1. $$\dfrac{\sqrt{x}}{\sqrt x-1}+\dfrac{1}{\sqrt{x}+1}$$
2. $$\dfrac{\sqrt{x}+1}{\sqrt x}-\dfrac{1}{\sqrt{x}-1}$$

Problem 4.21 Add, subtract, multiply complex numbers and write your answer in the form $$a+b\ii$$.

1. $$\sqrt{-2}\cdot\sqrt{-3}$$
2. $$\sqrt{2}\cdot\sqrt{-8}$$
3. $$(5-2\ii)+(3+3\ii)$$
4. $$(2+6\ii)-(12-4\ii)$$

Problem 4.22 Add, subtract, multiply complex numbers and write your answer in the form $$a+b\ii$$.

1. $$(3+\ii)(4+5\ii)$$
2. $$(7-2\ii)(-3+6\ii)$$
3. $$(3-x\sqrt{-1})(3+x\sqrt{-1})$$
4. $$(2+3\ii)^2$$

Problem 4.23 Divide the complex number and write your answer in the form $$a+b\ii$$.

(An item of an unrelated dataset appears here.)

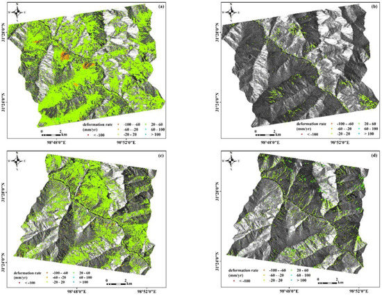 The LOS deformation rate maps of the Woda landslide area (a) derived from ascending data using the DS-InSAR method; (b) derived from ascending data using the PS-InSAR method; (c) derived from descending data using the DS-InSAR method; (d) derived from descending data using the PS-InSAR method.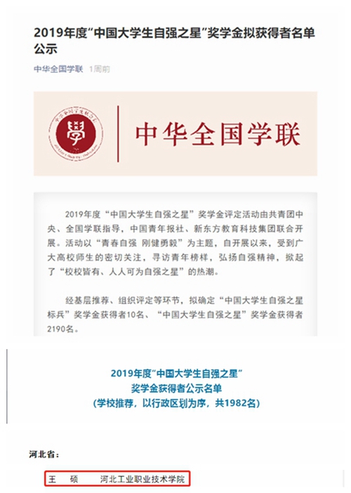 近日,由共青团中央、全国学联等部门联合开展的“中国大学生自强之星”奖学金评选结果揭晓。我校智能制造系王硕同学经过层层推荐,荣获2019年度“中国大学生自强之星”。

1. $$\dfrac{2\ii}{1+\ii}$$
2. $$\dfrac{5-2\ii}{3+2\ii}$$
3. $$\dfrac{2+3\ii}{3-\ii}$$
4. $$\dfrac{4+7\ii}{-3\ii}$$

Problem 4.24 Simplify the expression.

1. $$(-\ii)^{8}$$
2. $$\ii^{15}$$
3. $$\ii^{2017}$$
4. $$\dfrac1{\ii^{2018}}$$

Problem 4.25 Evaluate the function polynomial $$2x^2-3x+5$$ for $$x=1-\ii$$. Write your answer in the form $$a+b\ii$$.

Problem 4.26 Evaluate the polynomial $$\ii x^2-x+\frac{2}{x-1}$$ for $$x=\ii-1$$. Write your answer in the form $$a+b\ii$$.